В майский день тысяча девятьсот десятого года скопление таких головных уборов в прихожей было поистине беспрецедентным. Большая шляпа из дорогого касторового сукна изумительного цвета фуксии, расположившаяся на стуле в паре с одной шелковой перчаткой (правой) того же изумительного цвета, свидетельствовала о присутствии на вилле генерального викария, а о присутствии его секретаря – черная шляпа из блестящего ворсистого плюша, тулью которой опоясывала тонкая фиолетовая лента; две шляпы из простого темного фетра подчеркивали непритязательность и скромность прибывших в дом отцов иезуитов. Стул, стоявший в стороне от остальных, как и положено обвиняемому, занимал головной убор капеллана.
В самом деле, собрание того дня имело совсем немаловажную причину. Согласно папскому распоряжению кардинал-архиепископ начал проводить инспекцию частных молелен архиепископства с целью удостовериться в том, заслуживают ли права лица, имеющие разрешение на проведение богослужений, делать это и впредь, соответствуют ли устройство и оформление молелен церковным нормам, а также являются ли подлинными почитаемые в этих молельнях реликвии. Домашняя капелла сестер Салина была самой известной в округе и одной из первых, которую его преосвященство решил посетить. Именно для того, чтобы предупредить о назначенном на следующее утро осмотре, монсеньор викарий и приехал на виллу Салина. Неизвестно, как и через какие источники, но до архиепископской курии каким-то образом докатились тревожные слухи; нет, не о самих хозяйках капеллы и не об их праве исполнять религиозный долг у себя дома: такие вопросы даже не обсуждались, поскольку ни регулярность, ни продолжительность священных обрядов сомнений, естественно, не вызывали, и в этом отношении никаких нареканий не было и быть не могло, если только не принимать во внимание упорного, но, впрочем, вполне понятного нежелания сестер допустить к богослужению людей посторонних, не входящих в узкий семейный круг. Кардинала заинтересовала почитаемая за святыню картина капеллы и хранимые в ней реликвии, десятки реликвий; разговоры об их подлинности вызывали все большую тревогу, и желательно было этот вопрос прояснить. Капеллан, священник высокообразованный, подававший большие надежды, получил серьезный выговор за то, что не приложил должных стараний, чтобы открыть старым барышням глаза на их заблуждения; ему, если можно так выразиться, устроили хорошую «тонзуромойку». Собрание проходило в парадной гостиной виллы, в той самой, с обезьянками и попугаями. На синем диване с красным кантом, купленном тридцать лет назад и плохо сочетавшемся с блекнущей роскошью гостиной, сидели синьорина Кончетта и монсеньор викарий; справа и слева от них на таких же, как диван, креслах – синьорина Каролина и отец Корти, один из двух иезуитов; синьорина Катерина с парализованными ногами оставалась в своем кресле на колесах, а остальным священнослужителям пришлось довольствоваться обитыми тем же шелком, что и стены, стульями, которые, по общему мнению, не шли ни в какое сравнение с «завидными» креслами и диваном.
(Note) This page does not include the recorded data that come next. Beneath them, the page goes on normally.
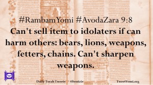 #RambamYomi #AvodaZara 9:8 Can’t sell item to idolaters if can harm others: bears, lions, weapons, fetters, chains. Can’t sharpen weapons.
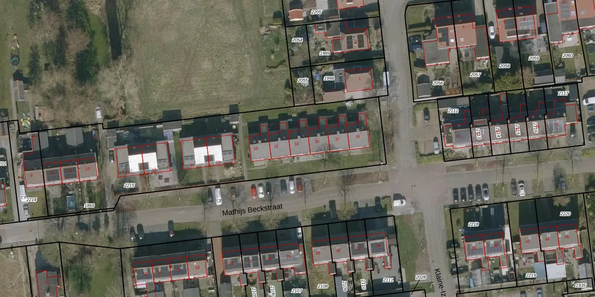 Het perceel waarop Mathijs Beckstraat 33 staat heeft een oppervlakte van 2779 m². Dit is een zeer groot perceel. De perceeloppervlakte wordt geregistreerd door het Kadaster. Gedetailleerde informatie over de maten van dit perceel kunt u vinden in het rapport Kadastrale kaart met maatvoering van Mathijs Beckstraat 33.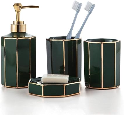 No Branded Bad Badezimmer Set Mit Seifenspender Zahnburstenhalter Tumbler Seifenschale Elegante Grun Gold Jfycuican Amazon De Kuche Haushalt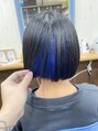 チラっと見えるブルーのインナーカラーが爽やかでクールな印象を演出。ショートヘアに程よいアクセントをプラスし、個性と遊び心を楽しめるスタイルです。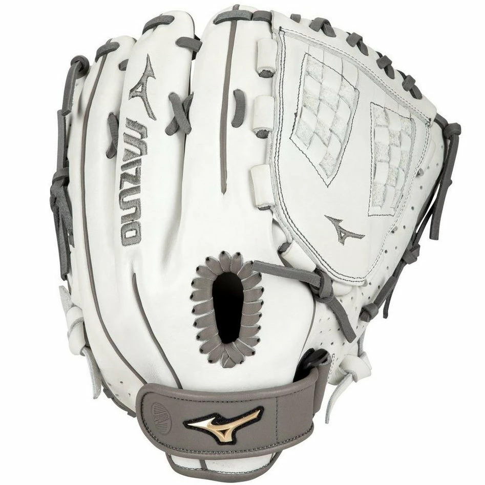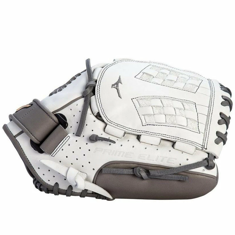 The new Mizuno Prime Elite series is crafted with soft, smooth, white and grey colored leather that is durable with a premium feel. Featuring an UltraSoft Pro Palm Liner for a soft feel and finish. A perforated thumb and pinky panel design reduces weight and increases breathability. Created with Finger Core technology, which is a new finger stall shape that helps improve flexibility and control when making a tough play, while also providing a more comfortable option for players who prefer to shift their ring finger to the pinky slot. Designed with Fastpitch patterns to make Prime Elite an excellent glove choice for serious players wanting to compete at their highest level on the field.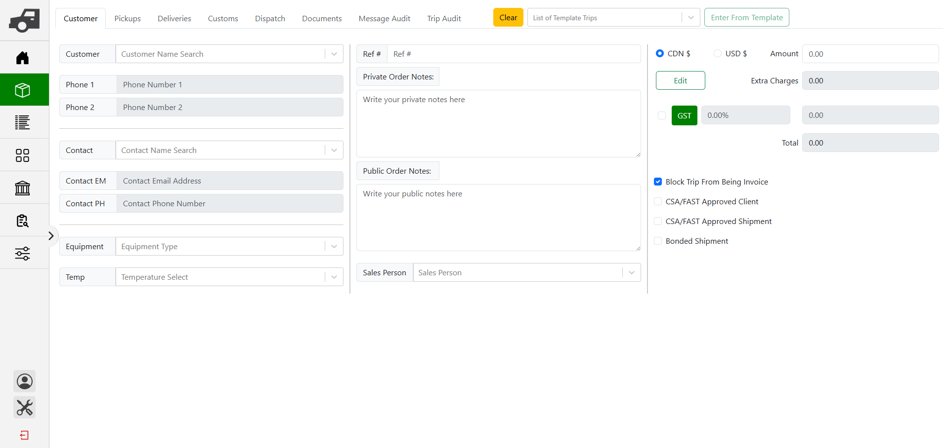 Enter and dispatch a load in under a minute. Trip templates save repeat lanes in ~15 seconds with saved carriers, drivers, addresses, and autofill.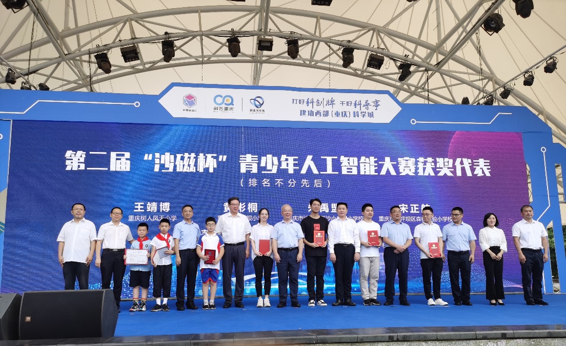9月15日,2021年沙坪坝区全国科普日主题宣传活动暨西部(重庆)科学城公众科学素质促进联合体成立启动仪式在陈家桥街道学府广场举行。活动现场对第二届“沙磁杯”青少年人工智能大赛获奖代表颁奖,重庆市沙坪坝区委常委、区政府党组成员蔡焘、重庆电子工程职业学院副校长刘成俊、重庆市沙坪坝区科协党组书记、主席向丽华等领导出席颁奖仪式并为获奖项目颁奖。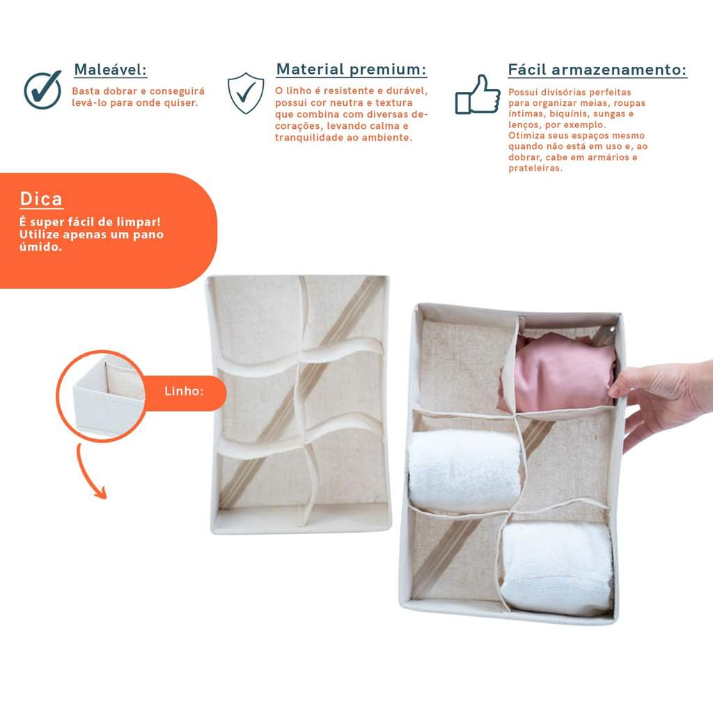 Kit Organizador Dobrável Divisórias Linho Offwhite C/2 - Oikos

Сестрам было около семидесяти (чуть больше и чуть меньше); борьба за первенство, о которой уже было сказано, давно закончилась победой Кончетты, и потерпевшие поражение сестры больше не пытались оспаривать ее положение старшей в доме. В ее облике еще угадывались следы прежней красоты: полная и величественная, в строгих платьях из черного муара, с белыми волосами, собранными в высокую прическу, открывавшую чистый, почти без единой морщинки лоб, с высокомерным взглядом и суровой складкой над переносицей, она производила властное, почти царственное впечатление, так что однажды ее внучатый племянник, увидев в какой-то книге портрет знаменитой русской императрицы, стал называть ее Екатериной Великой. Непристойное (если учитывать целомудренную жизнь Кончетты) прозвище в устах не имеющего никакого представления о русской истории внучатого племянника звучало совершенно невинно.
Разговор продолжался уже час, кофе был выпит, день клонился к вечеру. Викарий еще раз изложил суть вопроса:
– Его преосвященство по-отечески заботится о том, чтобы богослужения в частных капеллах проводились в строгом соответствии с канонами святой Матери Церкви. Как добрый пастырь, он потому в первую очередь обратил свое внимание на вашу капеллу, что знает: дом ваш, как маяк, светит палермским мирянам.
Его преосвященство желает лишь удостовериться в подлинности почитаемых за святые предметов, что будет только на пользу и вам, и всем верующим. Кончетта молчала, но Каролина не сдержалась:
– Нас что же, в чем-то обвиняют? И как мы будем выглядеть теперь в глазах наших знакомых? Прости
те меня, монсеньор, но идея инспектировать нашу капеллу вообще не должна была прийти в голову его преосвященству.
Казалось, разговор забавляет генерального викария.
– Синьорина, – с улыбкой сказал он, – вы даже не представляете себе, как радует меня ваша горячность. Она – свидетельство истинной, абсолютной веры, столь угодной Церкви и, безусловно, Господу нашему Иисусу Христу. И чтобы способствовать еще большему расцвету этой веры, ее очищению, его святейшество рекомендовал провести ревизии, которые, кстати сказать, вот уже несколько месяцев идут по всему католическому миру.
Ссылка на Папу была, по правде говоря, не совсем уместна: Каролина относилась к разряду католиков, убежденных в том, что они обладают гораздо более глубоким знанием религиозных истин, нежели преемники святого Петра. Ее уже и прежде приводили в отчаяние некоторые вполне умеренные нововведения Пия X, в частности отмена кое-каких второстепенных церковных праздников.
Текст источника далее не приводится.